The core PM drive to maximize value for the largest addressable market (TAM) inherently leads to excluding edge cases and marginalized users, which is the root cause of bias and irresponsibility in AI systems.
Shift the view of AI from a singular product launch to a continuous process encompassing use case selection, training, deployment, and decommissioning. This broader aperture creates multiple intervention points to embed responsibility and mitigate harm throughout the lifecycle.
When faced with an ethically questionable directive, refusing outright can be career-limiting. A more effective strategy is to research and propose an alternative product that solves the same underlying business problem in a more responsible way, thereby redirecting the conversation.
To manage risks from 'shadow IT' or third-party AI tools, product managers must influence the procurement process. Embed accountability by contractually requiring vendors to answer specific questions about training data, success metrics, update cadence, and decommissioning plans.

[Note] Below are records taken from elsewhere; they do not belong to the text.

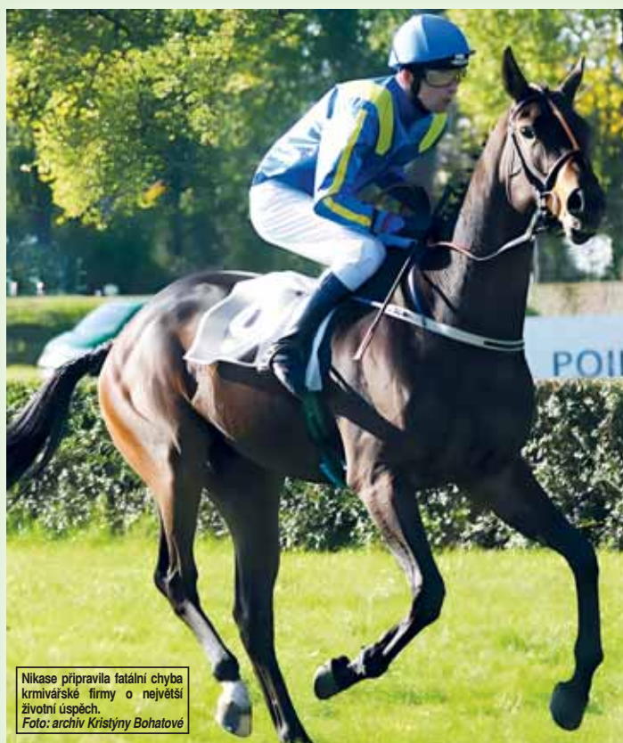
Nikase připravila fatální chyba krmivářské firmy o největší životní úspěch.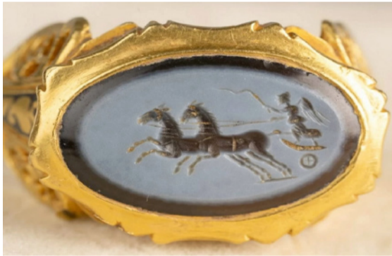
ومن المقرر عرض الخاتم في جولات تعليمية قبل نقله بشكل دائم إلى متحف سومرست في مدينة تونتون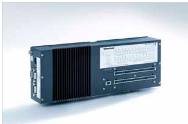
LiquiSonic® Controller 5 für OEM-Kältemittelapplikationen

Durch die platzsparende Konstruktion mit Hutschienenmontage ist der Controller 5 besonders gut als OEM-Gerät für die Ausrüstung von Fahrzeugen und für die Integration im Teststandbau geeignet. Zusätzlich zu den üblichen Schnittstellen steht hierfür auch die Einbindung über CAN-Bus zur Verfügung. Die Spannungsversorgung des Controllers beträgt 24 V DC ( \pm 15\% ). Optional ist auch ein Weitbereichsspannungseingang mit 10 - 32 V DC erhältlich.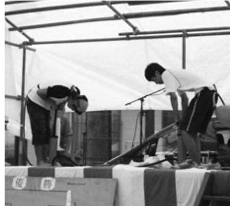
バルーンファイト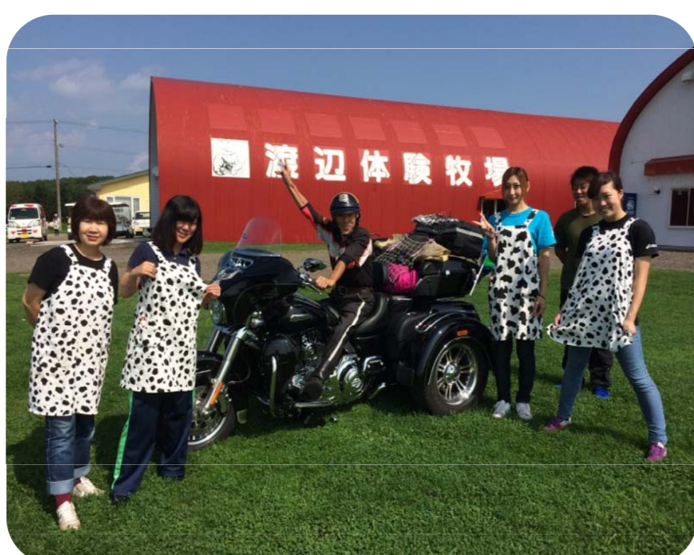
旅行者との記念撮影(右)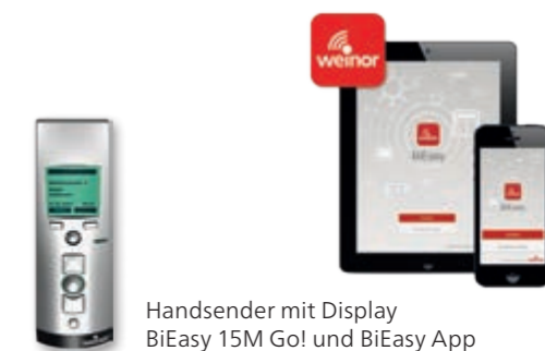
Handsender mit Display BiEasy 15M Go! und BiEasy App

Mit den Heizsystemen Tempura und Tempura Quadra können Sie Ihre Terrasse auch in kühleren Zeiten genießen. Sie sind nachrüstbar und werden unauffällig an der Hausfassade befestigt.

Instead of treating a complex AI system like an LLM as a single black box, build it in a componentized way by separating functions like retrieval, analysis, and output. This allows for isolated testing of each part, limiting the surface area for bias and simplifying debugging.

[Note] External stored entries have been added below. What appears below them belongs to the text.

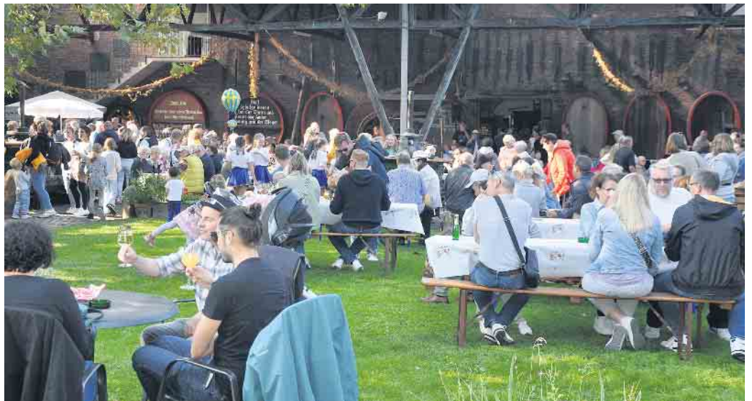
Es gibt wohl kaum etwas Schöneres, als im Innenhof des historischen Marienhofes fröhliche Stunden mit Freunden beim Glase Wein zu verbringen.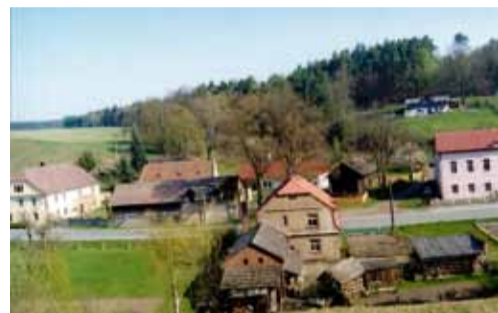
r. 2004 (č. p. 16). Obr. 2: Tatáž budova školy – růžová – vpravo po opravě fasády v r. 2004, v popředí rodný dům paní Bártové s hospodářským zázeminím (bývalá četnická stanice) z jižního pohledu.

... Autorka článku se omlouvá za chyby v textu v předchozí kapitole Jak se žilo v Dolní Krupé... část 1., vzniklé přestrukturováním textu: odst. 1., věta správně zní: Dolní Krupá už spadala do pohraničního regionu Deutschböhmen...; odst. 3., oprava gramatiky: Jak se dosídlovalo pohraničí, nastěhovali sem rodiny, co přišly o majetek. No a pracovaly tady, na státním statku.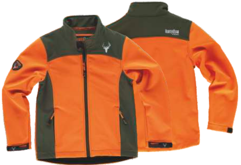
naranja a.v./verde caza

Tejido: 96% Poliéster 4% Elastano (300 g/m2)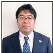
消費者庁審議官 (新未来創造戦略本部次長)

https://tedxkobe.com/speaker/speaker0057/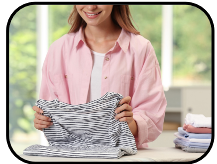
26. folding laundry

When working in complex organizations like the UN or federal government, don't try to master their internal language. Instead, find and partner with internal experts who can translate your goals into the organization's native operating system to achieve impact.
The Data Nutrition Project discovered that the act of preparing a 'nutrition label' forces data creators to scrutinize their own methods. This anticipatory accountability leads them to make better decisions and improve the dataset's quality, not just document its existing flaws.